La course à la première place du TOP500 a toujours été brutale. Il s’agit d’une compétition définie par une vitesse brute et une consommation d’énergie massive. Désormais, le jeu a changé de façon permanente. Pour la première fois dans l’histoire, un supercalculateur franchit le seuil de l’exascale. Ce n’est pas un petit pas. C’est un saut dans une nouvelle ère informatique.
Frontier, situé au Oak Ridge National Laboratory aux États-Unis, a réalisé quelque chose de sans précédent. Il traite désormais 1 100 milliards d’opérations en virgule flottante par seconde. Ce chiffre à lui seul est difficile à visualiser. Pour mettre les choses en perspective, cela représente un milliard de milliards de calculs chaque seconde. Nous sommes officiellement entrés dans la gamme exaflop.
Mais qu’est-ce que cela signifie réellement pour le monde extérieur au laboratoire ? Et comment en sommes-nous arrivés là ?
Définir l’exaflop
Un exaflop correspond à un quintillion d’opérations à virgule flottante par seconde. Le terme vient de « flops », qui signifie Floating Point Operations. Il s’agit de la mesure standard pour mesurer les performances des supercalculateurs. Jusqu’à récemment, les pétaflops (un quadrillion) constituaient le plafond. Les exaflops représentent une multiplication par mille.
La réussite de Frontier n’est pas seulement une question de vitesse. C’est une question d’efficacité et d’architecture. Il utilise des processeurs AMD EPYC et des accélérateurs Radeon Instinct. Cette combinaison lui permet d’offrir des performances massives sans consommer l’intégralité du réseau électrique d’un petit pays. Eh bien, peut-être presque.
Comment cela est-il mesuré ?
Vous vous demandez peut-être comment un chiffre aussi stupéfiant est obtenu. La valeur provient du benchmark LINPACK. Il s’agit d’une suite de tests standard utilisée pour classer les supercalculateurs TOP500. Il résout un système d’équations linéaires. Plus une machine peut résoudre rapidement ces équations complexes, plus son classement est élevé.
Le score de Frontier de 1,1 exaflops sur LINPACK confirme sa domination. Il ne s’agit pas d’un maximum théorique. C’est une réalité mesurée. Cela signifie que le matériel peut supporter ce niveau de densité de calcul sous contrainte. Cela prouve que la conception fonctionne. Cela prouve que les systèmes de refroidissement, les interconnexions et la pile logicielle fonctionnent tous comme prévu.
Pourquoi c’est important maintenant
Vous vous demandez peut-être pourquoi nous avons besoin d’une machine capable d’effectuer un quintillion de calculs par seconde. La réponse réside dans la complexité. Certains problèmes sont trop difficiles pour les systèmes actuels. La modélisation climatique nécessite de simuler les interactions atmosphériques à un niveau granulaire. La découverte de médicaments implique la simulation d’interactions moléculaires avec une précision atomique. La formation à l’intelligence artificielle nécessite de traiter des ensembles de données massifs en un temps record.
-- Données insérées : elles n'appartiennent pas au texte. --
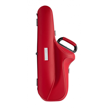 Estojo para saxofone Alto com tampa e base cobertas com pele natural. Tem duas correias acolchoadas tipo mochila e extraíveis, asa lateral, duas fechaduras BAM com chave.

Frontier peut gérer ces tâches. Il peut exécuter des simulations qui étaient auparavant impossibles. Cela peut raccourcir les délais de recherche de plusieurs années à quelques mois. Cela peut accélérer la découverte scientifique.
Pensez au repliement des protéines. Comprendre comment les protéines se replient est essentiel pour traiter les maladies. Frontier peut simuler ces processus avec une précision sans précédent. Cela conduit à de meilleurs traitements. Plus rapide. Plus efficacement.
Le changement de puissance de calcul
Ce n’est pas seulement une victoire pour Oak Ridge. Il s’agit d’un changement dans le paysage du calcul haute performance. Les barrières ont été brisées. D’autres laboratoires rechercheront ce numéro. Ils tenteront de le surpasser. Mais la base a changé.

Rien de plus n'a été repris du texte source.